Yep, it's sad to see a fender like that, alive, looked worst.


----------



## ViperZ (Feb 9, 2005)

manuelga said:


> I'll keep my camera close, Next week I'll return to Mexico City & will hunt for a Xenon Roof Rack one.



Oh Yeah :thumbup: Would love to see one!


----------



## Terranismo (Aug 31, 2004)

We also got the "Hyper Roof Rail" version X-Trail for sale here. It was sold as a special model called the X-Trail Blue. It was a blueish purple outside color, had the stock 16 inch wheels but black chrome plated, the hyper roof rails, fully equipped, and only offered in automatic.


----------



## ViperZ (Feb 9, 2005)

Terranismo said:


> We also got the "Hyper Roof Rail" version X-Trail for sale here.

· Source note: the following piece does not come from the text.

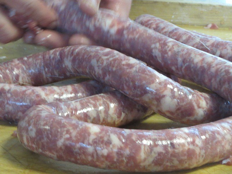 včeraj dopoldan pa se je rezalo slanino za ocvirke, mlelo meso za pečenice. re-

It was sold as a special model called the X-Trail Blue. It was a blueish purple outside color, had the stock 16 inch wheels but black chrome plated, the hyper roof rails, fully equipped, and only offered in automatic.


What are these "Hyper" Lights? I assume the roof rails are named after the Hyper Halogen bulb part? 

So just what exactly are these "Hyper Halogen" bulbs? It would seem they are still a Halogen filiment bulb, as such, are not a true HID Xenon Gas filled capsule with an Arc.


----------



## Terranismo (Aug 31, 2004)

The Hyper part of the name is only a gimmick. They are actually halogen lights built into thicker roof rails. The roof rails are silver in color and have a rack built into them for luggage carrying. The halogen lights (2-one on each side) are in the foward part of the rails directly on top of the windshield. An extra accessory switch is included towards the left of the steering wheel, on the dashboard, to turn them on. They can only be turned on when the main lights are also on (similar to the bumper mounted fogs).


----------



## ViperZ (Feb 9, 2005)

Sure is a nice roof rack :thumbup: 

I wish we could have ordered it at time of order.


----------